Customer: replied 9 months ago.
In this sense, do you feel I have much of a case here? To discuss steps, here are the events that took place:1. Email was sent to different group alias
2. Email was 'supposedly' forwarded onto off-domain account (personal account)
3. This was brought to the attention to myself by indirect manager first and then direct manager
4. Light warning was given to not do so again
5. No evidence was provided, despite asked for evidence
6. This was brought to light again a few weeks later, manager instructs that I will be dismissed by end of week
7. Mid-week I receive an email from HR regarding investigation meeting to take place
8. Account and defence was provided during investigation meeting
9. Was told to stay out of work for a few weeks while investigation was taking place
10. Phone call from manager asking how my exit went, despite no formal indication that I was being let off, as I was instructed to wait for something formal from HR. Was told to find a job to cover myself.

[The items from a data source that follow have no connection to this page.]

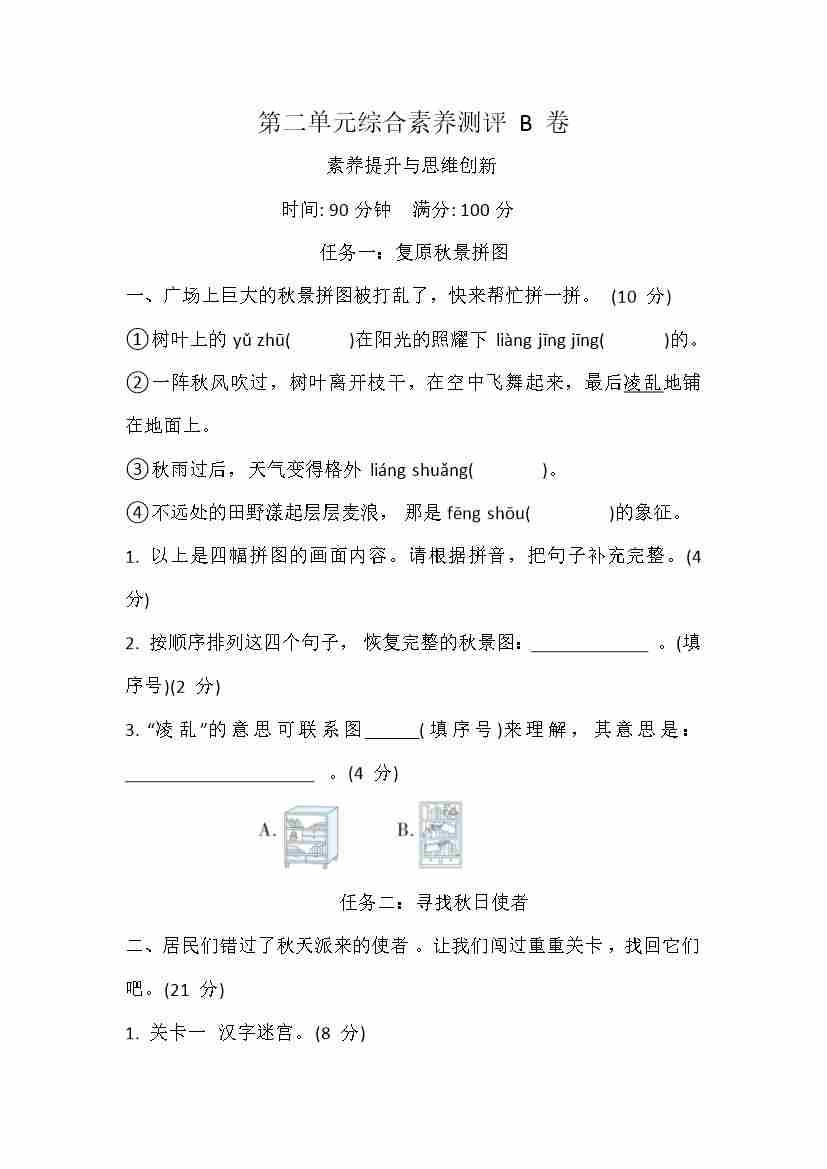 第二单元综合素养测评B卷 (含答案)
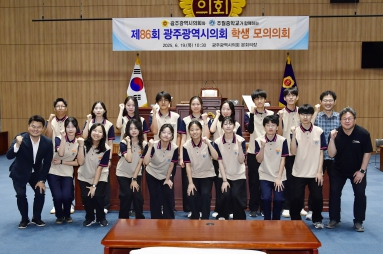 한편, 광주광역시의회는 2005년부터 광주광역시교육청에서 대상 학교를 추천받아 학생 모의의회를 진행 중에 있고, 지금까지 총 86회 8,360여 명이 체험했으며, 연말에는 모의의회 참가 학생들의 우수 체험수기에 대한 시상도 할 계획이다.
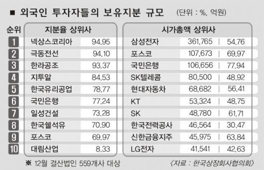 대한해운은 지난 7월 이후 노르웨이 해운사인 골라LNG가 지분을 30.56%로 늘리면서 직접적으로 경영권 위협을 받고 있다. 현대상선도 골라LNG를 비롯한 북유럽계 지분이 최근 15%를 넘었다. 미국 자산운용사인 캐피털그룹은 최근 현대자동차 지분을 14.61%로 확대해 2대 주주로 올라섰다. 캐피털측은 ‘단순 투자’라고 하지만 ‘제2의 소버린’이 안 된다는 보장이 없다. 외국인 지분율이 높은 우량기업들은 어디건 홍역을 치른다. 삼성전자는 사외이사 추천권 요구, 본사 미국 이전 등을 외국인들로부터 요구받고 있다.
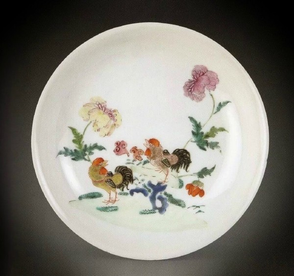粉彩雄雞花卉紋盤
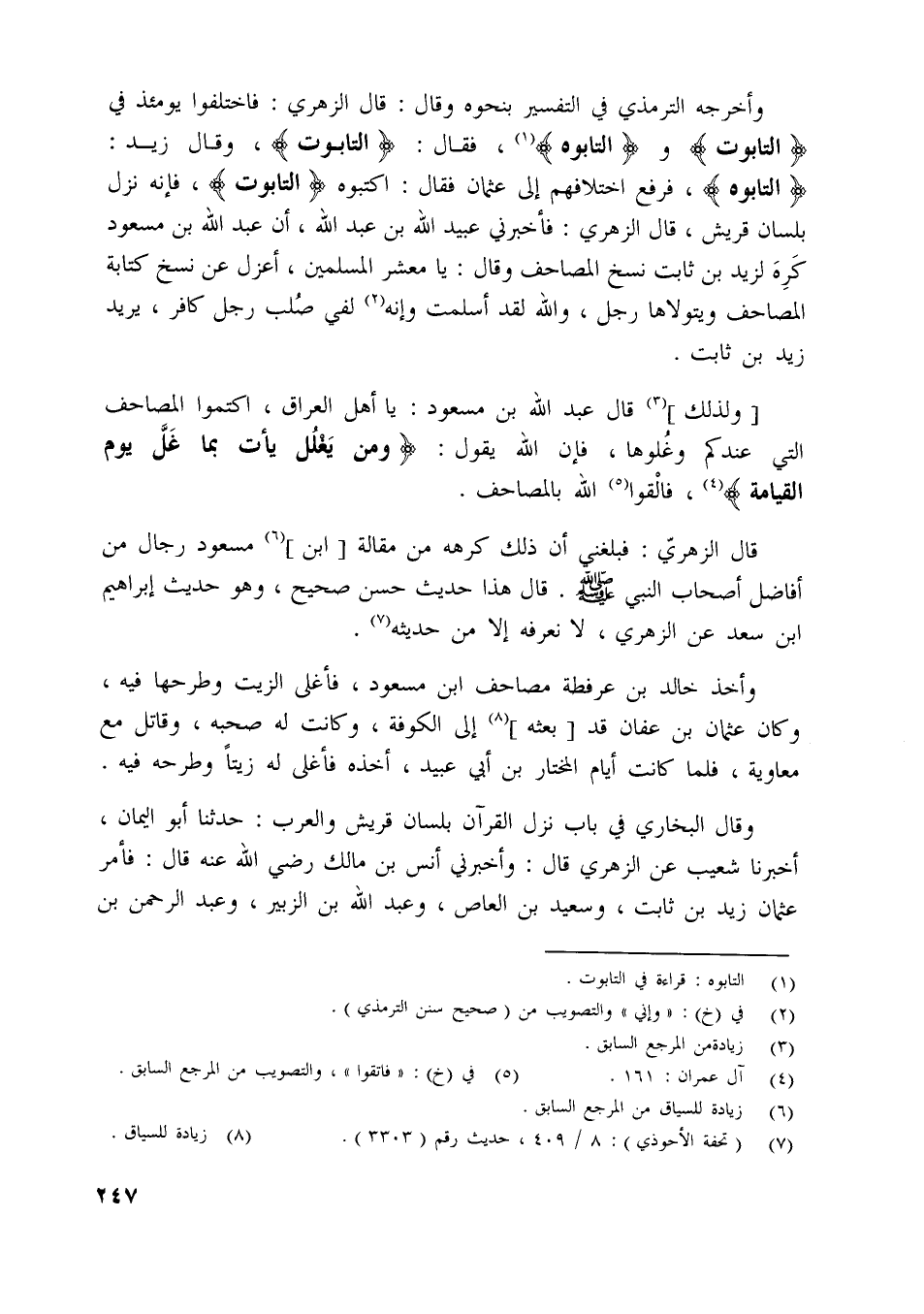 [ولذلك] [ (3) ] قال عبد اللَّه بن مسعود: يا أهل العراق، اكتموا المصاحف التي عندكم وغلوها، فإن اللَّه يقول: وَمَنْ يَغْلُلْ يَأْتِ بِما غَلَّ يَوْمَ الْقِيامَةِ [ (4) ] ، فالقوا [ (5) ] اللَّه بالمصاحف.

11. I handed in my resignation to HR as I found a new job, not one I wished to start but felt pressured and very worried of being labeled as 'dismissed'.
12. Exited from company this Tuesday
13. Received mail from HR regarding investigation, was told investigation was closed due to my resignation
Expert:  Ben Jones replied 9 months ago.
ok so in the circumstances you cannot claim unfair dismissal as you were not dismissed and instead you would be looking at constructive dismissal, which is were you are forced to resign. There were certainly procedural failures which suggest that the employer was not following a fair procedure - telling you that you would be dismissed even before any investigation or disciplinary took place, and following up in tat when not even a disciplinary had taken place. So you would have had a reason to resign in the circumstances. As things stand now, a new feature in the employment tribunal’s claims process is mandatory early conciliation with ACAS. This requires prospective claimants to notify ACAS and provide details of their intended claim and they would then try to negotiate between the claimant and respondent to seek out of court settlement in order to avoid having to take the claim to the tribunal. It is possible for the parties to refuse to engage in these negotiations, or that they are unsuccessful, in which case they would get permission to proceed with making the claim in the tribunal. If negotiations are initiated and settlement is reached, then the claimant would agree not to proceed with the claim in return for the agreed financial settlement. The conciliation procedure and the form to fill in can be found here: https://ec.acas.org.uk/Submission/SingleClaimantPage In terms of the time limits within which a claim must be presented, the early conciliation process places a ‘stop’ on that and the time between notifying ACAS and them issuing permission to proceed with the claim would not count for the purposes of these time limits.